Eric Stevens

Fitness Speaker, Author & Personality

Eric Stevens is a health and fitness coach, trainer and practitioner. Eric has broadened that body focused fitness with writing, presenting and acting in order to reach people, change lives, and create dialogue.

Filtering by Tag: Self Awareness

Response Ability

I had my first summer job in junior high. My Dad knew someone who needed sort of a ‘gopher’ for a heavy equipment company. The job was located in the industrial area of Portland, which was full of warehouses, truck stops, and machine shops. Though it was a mere 20 minutes from where I lived, for an upper middle class kid from the suburbs, it might as well have been Greece.

My parents were emphatic that I get a summer job and felt the experience of working in the shop would be good for me, so every day my Mom drove me to and from work in the family sedan. To say the shop guys raised their eyebrows at this Mercedes chauffeured, smart-ass kid from the west side was an understatement. On my first day, I was asked to fetch a 7/16 wrench from the toolbox, and I just looked at the guy as if he were speaking a foreign language. “A what???”

Still, despite my initial apprehension and my lack of technical skills notwithstanding, I gradually warmed up to the experience. I felt like a big boy drinking bad coffee and taking grief from the guys. Plus, I had a little spending money in my pocket and as a pre-driving teenager, I had fun driving golf carts and turf equipment to my heart’s content.

One day I was driving a little too fast out in the shop yard and while cutting a corner sharply, I badly scraped a golf cart on a piece of scrap metal. My first instinct was to look around the yard. I couldn’t see anyone for miles. “Thank God. These carts are beat to hell anyway and no one will ever know,” I thought to myself.

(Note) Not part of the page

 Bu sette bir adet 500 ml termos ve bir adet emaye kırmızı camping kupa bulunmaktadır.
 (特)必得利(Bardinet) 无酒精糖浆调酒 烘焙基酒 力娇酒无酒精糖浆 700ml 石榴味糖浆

Then, amidst my planning and scheming ways not to get caught, a voice of reason took over…”Do the right thing Eric.”

I walked into the shop and found Frank, the foreman, to tell him what had happened. “I was goofing off driving too fast in the yard and I messed up the side of one of the carts pretty badly.” Frank looked me dead in the eye and said, “Eric, I appreciate your honesty and you taking responsibility. If it happens again, you’re fired.”

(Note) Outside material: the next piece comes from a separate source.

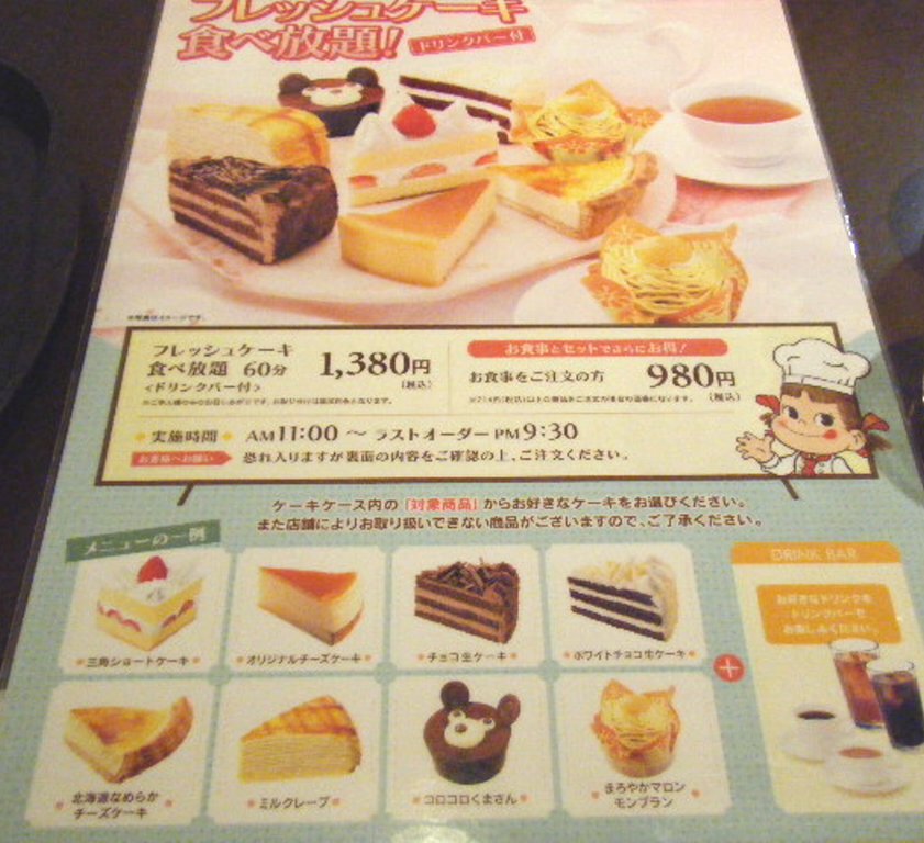 不二家レストランでは、ケーキ食べ放題が1380円です。そのおかけで店内は女性ばかりです。店内にある全てのケーキが食べれる、1個300円として5個食べれば元が取れます。10個も食べてしまった人が・・・さらにドリンクも着いてます。女性御用達の人気店です。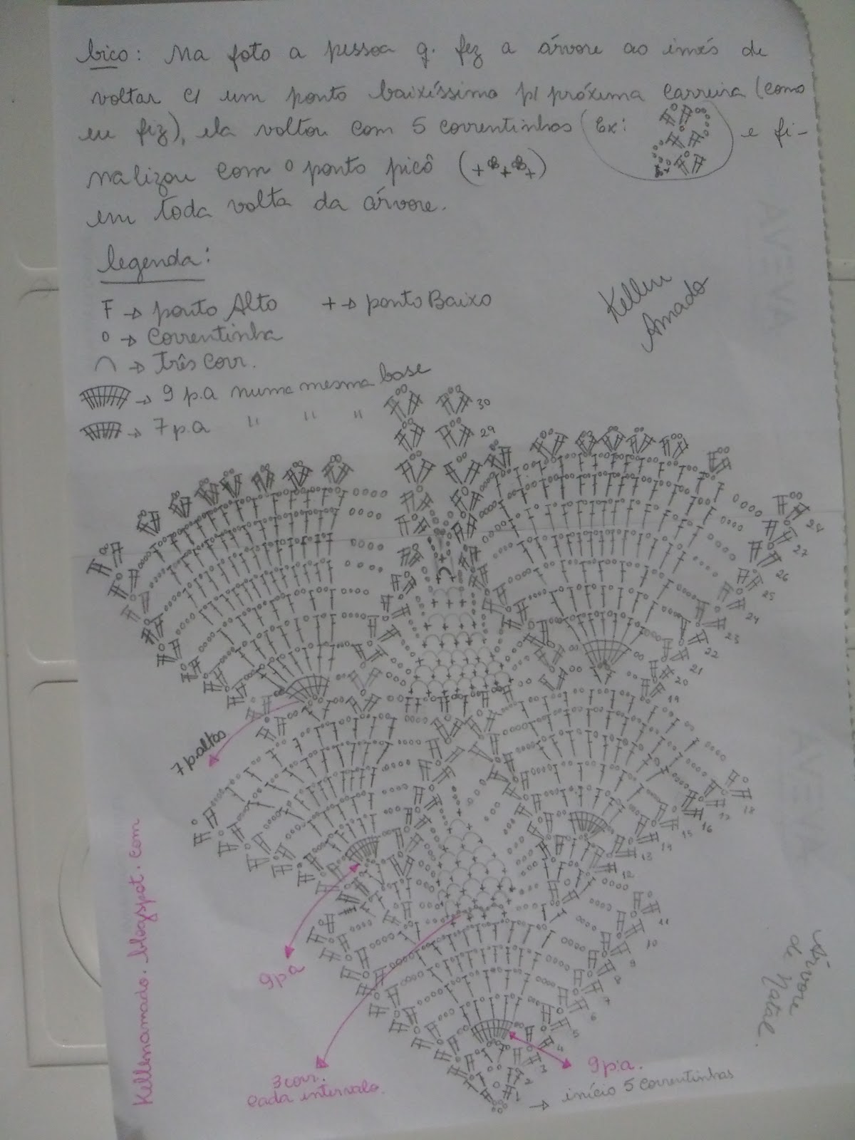 берём третий и как бы основной цвет розового .......вяжем им опять же по схеме, внимательно - не пропускаем воздушные петли и столбики

Though they had tolerated me, I don’t think those guys in the shop thought I was worth much of a damn with my polo shirts and designer jeans. They were a rough and tough bunch; blue-collar guys who measured your value by your work ethic and what you could do with your hands. I was about as far from tough and handy as you could get. But at least on that one occasion, they respected that my parents had taught me to do the right thing. One of the guys even took me aside and told me it took real guts to go in and tell Frank the truth. It’s a memory that has stuck with me for over 30 years.

I wish I could tell you that since then I’ve been able to live up to the example of my 15-year old self throughout my life. But truthfully, I haven’t always been truthful. I’ve had more than my fair share of failing to speak up, step up and admit my wrong doings. Honestly, over the years I’ve cared a lot more about my image and appearance than uprightness.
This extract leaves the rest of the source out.